TASK BRIEF -
Without the pictures, set down everything in the listing exactly.

SUPPLIED DATA -
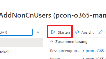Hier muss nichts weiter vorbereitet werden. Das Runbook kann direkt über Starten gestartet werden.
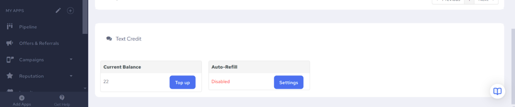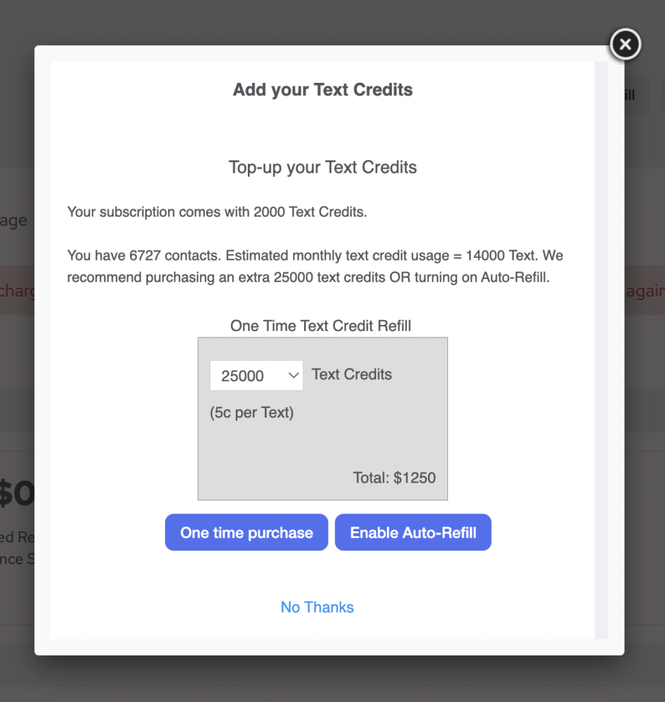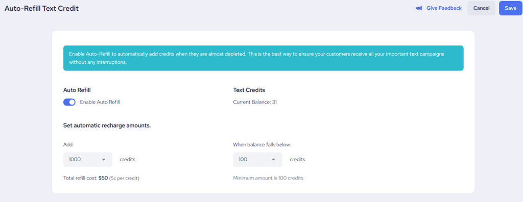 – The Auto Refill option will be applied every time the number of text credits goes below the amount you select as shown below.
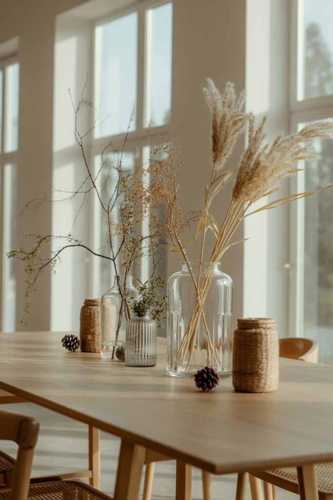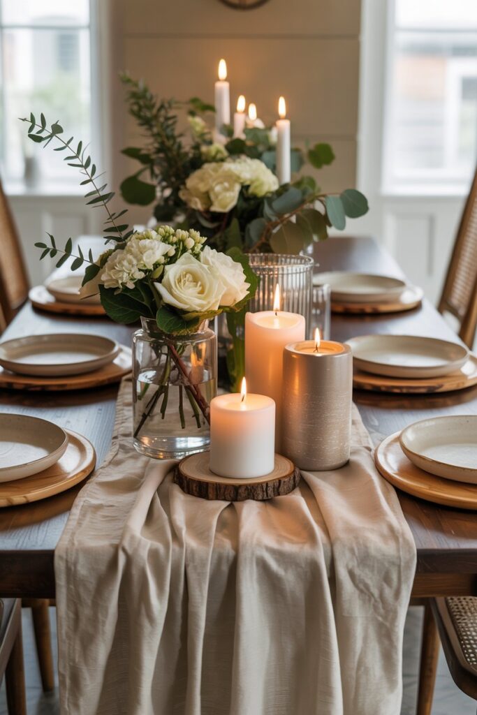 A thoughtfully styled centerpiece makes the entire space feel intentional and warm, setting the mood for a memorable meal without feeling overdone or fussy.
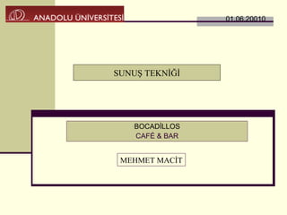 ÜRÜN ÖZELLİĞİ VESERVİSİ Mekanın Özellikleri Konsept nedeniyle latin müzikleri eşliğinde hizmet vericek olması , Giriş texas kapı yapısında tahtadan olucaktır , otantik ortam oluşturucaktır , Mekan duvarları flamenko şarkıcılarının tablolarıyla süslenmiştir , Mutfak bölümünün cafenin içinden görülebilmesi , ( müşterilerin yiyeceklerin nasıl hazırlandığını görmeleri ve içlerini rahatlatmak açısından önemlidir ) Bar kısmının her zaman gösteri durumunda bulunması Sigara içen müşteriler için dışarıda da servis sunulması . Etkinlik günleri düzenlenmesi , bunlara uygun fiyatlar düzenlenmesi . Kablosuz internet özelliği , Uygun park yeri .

RESULT FOR THIS TASK -
Hier muss nichts weiter vorbereitet werden. Das Runbook kann direkt über Starten gestartet werden.
 – The Auto Refill option will be applied every time the number of text credits goes below the amount you select as shown below.
 A thoughtfully styled centerpiece makes the entire space feel intentional and warm, setting the mood for a memorable meal without feeling overdone or fussy.
 ÜRÜN ÖZELLİĞİ VESERVİSİ Mekanın Özellikleri Konsept nedeniyle latin müzikleri eşliğinde hizmet vericek olması , Giriş texas kapı yapısında tahtadan olucaktır , otantik ortam oluşturucaktır , Mekan duvarları flamenko şarkıcılarının tablolarıyla süslenmiştir , Mutfak bölümünün cafenin içinden görülebilmesi , ( müşterilerin yiyeceklerin nasıl hazırlandığını görmeleri ve içlerini rahatlatmak açısından önemlidir ) Bar kısmının her zaman gösteri durumunda bulunması Sigara içen müşteriler için dışarıda da servis sunulması . Etkinlik günleri düzenlenmesi , bunlara uygun fiyatlar düzenlenmesi . Kablosuz internet özelliği , Uygun park yeri .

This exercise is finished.